To that end here’s one of many introductory readings for those wanting to get a handle on anticapitalism, as some Democrats do wish to tame and reform capitalism, neutralizing its human and environmental harms while not explicitly endorsing many anticapitalist objectives or the tactics of many activists. You could even be antifa without being anticapitalist.

Below the fold is a more technical description of a search for analytic tools to critique regional economic policy.

As a start you might read Erik Olin Wright, How to be an anticapitalist today (2015)

The idea that capitalism can be rendered a benign social order in which ordinary people can live flourishing, meaningful lives is ultimately an illusion because, at its core, capitalism is unreformable. The only hope is to destroy it, sweep away the rubble, and then build an alternative. As the closing words of the labor tune “Solidarity Forever” proclaim, “We can bring to birth a new world from the ashes of the old.”

But how to do this? How is it possible for anticapitalist forces to amass enough power to destroy capitalism and replace it with a better alternative? This is indeed a daunting task, for the power of dominant classes that makes reform an illusion also blocks the revolutionary goal of a rupture in the system. Anticapitalist revolutionary theory, informed by the writings of Marx and extended by Lenin, Gramsci, and others, offered an attractive argument about how this could take place.

While it is true that much of the time capitalism seems unassailable, it is also a deeply contradictory system, prone to disruptions and crises. Sometimes those crises reach an intensity which makes the system as a whole fragile, vulnerable to challenge.…

Here’s one of many videos, I just chose something done recently:

Even more foundationally, you should read these books, they will lead you to the primary sources (remember that we strive to be ecumenical in ACM):

Ultimately the ideological frontiers remain in the academy, even as the subtext for a socialist economy would be to eradicate inequality. Like the distribution among universities of analytic philosophy versus continental philosophy, those heterodox economic studies are distributed as unevenly as its ideological absence among the dominant neoclassical, orthodox economic studies represented in academia. Often it is the arbitrary personnel division between college departments of business and economics. Darn those “unjustified hierarchies”.

82% of economists claim that statements and arguments should be evaluated on the content only, but the results of the study show the exact opposite.


One important step that helps identify the appropriate changes necessary to minimize the influence of ideological biases is to understand their roots.

As argued by prominent social scientists (e.g. Althusser 1976, Foucault 1969, Popper 1955, Thompson 1997), the main source of ideological bias is knowledge-based, influenced by the institutions that produce discourses. Mainstream economics, as the dominant and most influential institution in economics, propagates and shapes ideological views among economists through different channels.

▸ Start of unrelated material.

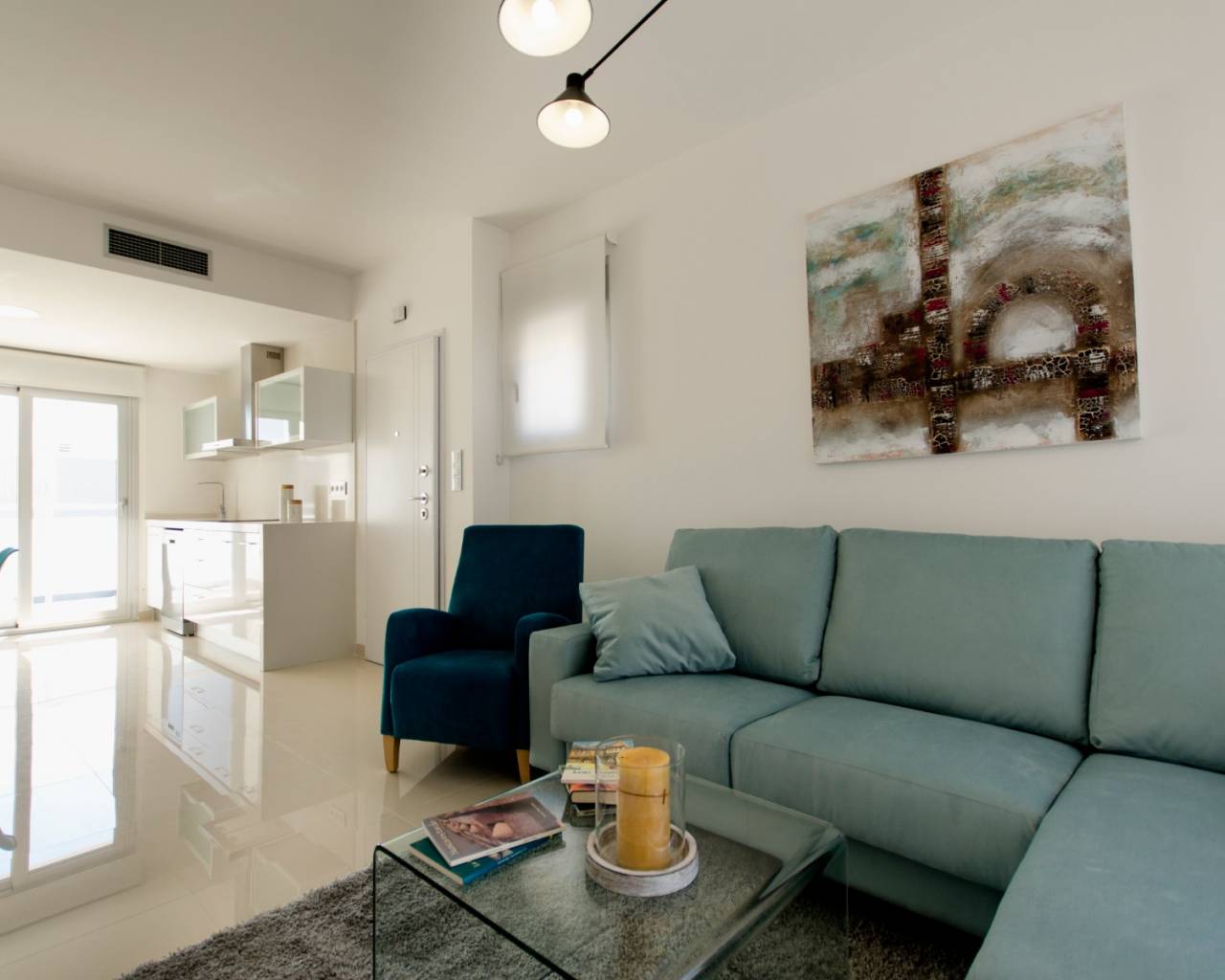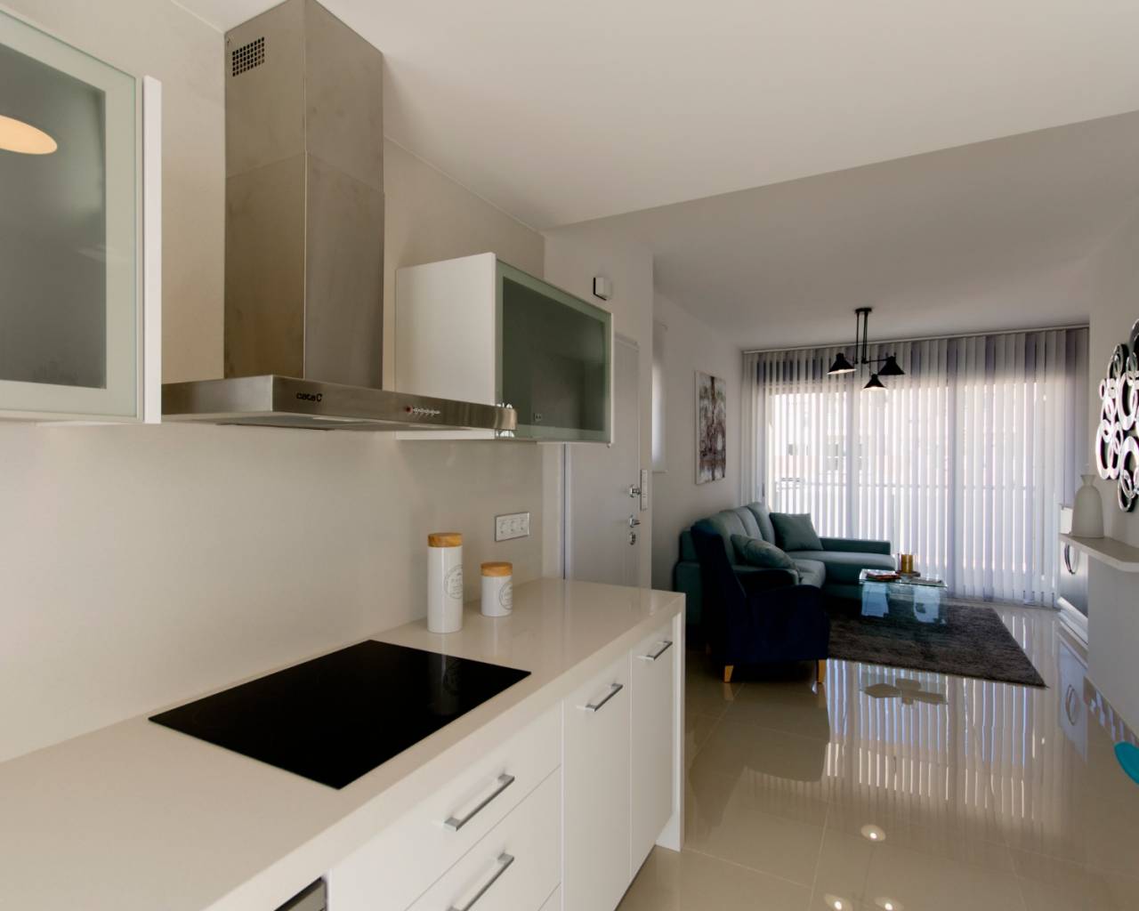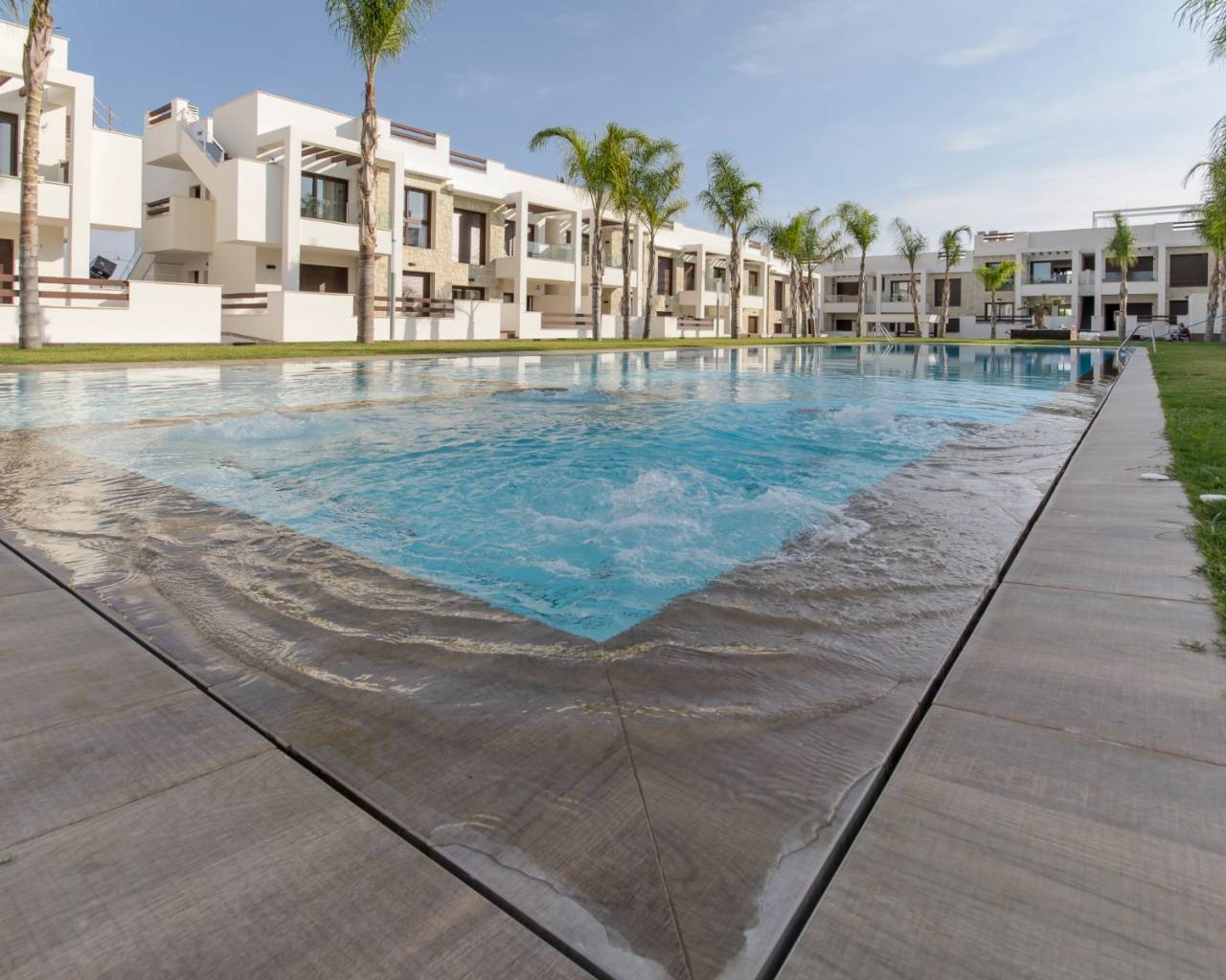 Deze luxe moderne ontwikkeling bestaat uit 2/3 appartementen/bungalows met opties op de begane grond met uitgebreide tuinen of penthouse-modellen met een groot privésolarium op het dak. Er zijn prachtige gemeenschappelijke tuinen met een zwembad en er is ook een beveiligde parkeerplaats met berging. Deze prachtige ontwikkeling is gelegen in Los Balcones, dicht bij voorzieningen en genietend van een prachtig uitzicht op het zoutmeer.

For example, when a statement criticizing “symbolic pseudo-mathematical methods of formalizing a system of economic analysis” is attributed to its real source, John Maynard Keynes, instead of its fictitious source, Kenneth Arrow, the agreement level among economists drops by 11.6%. Similarly, when a statement criticizing intellectual monopoly (i.e. patent, copyright) is attributed to Richard Wolff, the American Marxian economist at the University of Massachusetts, Amherst, instead of its real source, David Levine, professor of economics at the Washington University in St. Louis, the agreement level drops by 6.6%.…

Even as there’s an information economy there’s also a cost-efficient political economy of disinformation that often operates in 2020 as successful as it did in 2016.

The Russian objective is to create an illusion of deep-seated divisions between people like you and people who aren't like you, so that you won't be able to agree on anything.

Disinformation has its own kinds of maps/charts and in terms of value can benefit capitalism in terms of producing propaganda and uncertainty. However there are tools like this one, Fighting Disinformation Online A Database of Web Tools.

Here's a notional example: Suppose you and a neighbor agree that your property taxes are too high, but disagree on issues related to sensitive topics like race relations or immigration. You start seeing online memes focusing on extreme views on these topics. Those memes evoke strong reactions, painting the issue as a battle between two extremes. You begin thinking of your neighbor based on this false dichotomy. The neighbor becomes one of “them” rather than a person with whom you had some commonality. After all, it's difficult to agree on most anything when you and your neighbor view each other as racist or anti-American.

The Russian objective is to create an illusion of deep-seated divisions between people like you and people who aren't like you, so that you won't be able to agree on anything.…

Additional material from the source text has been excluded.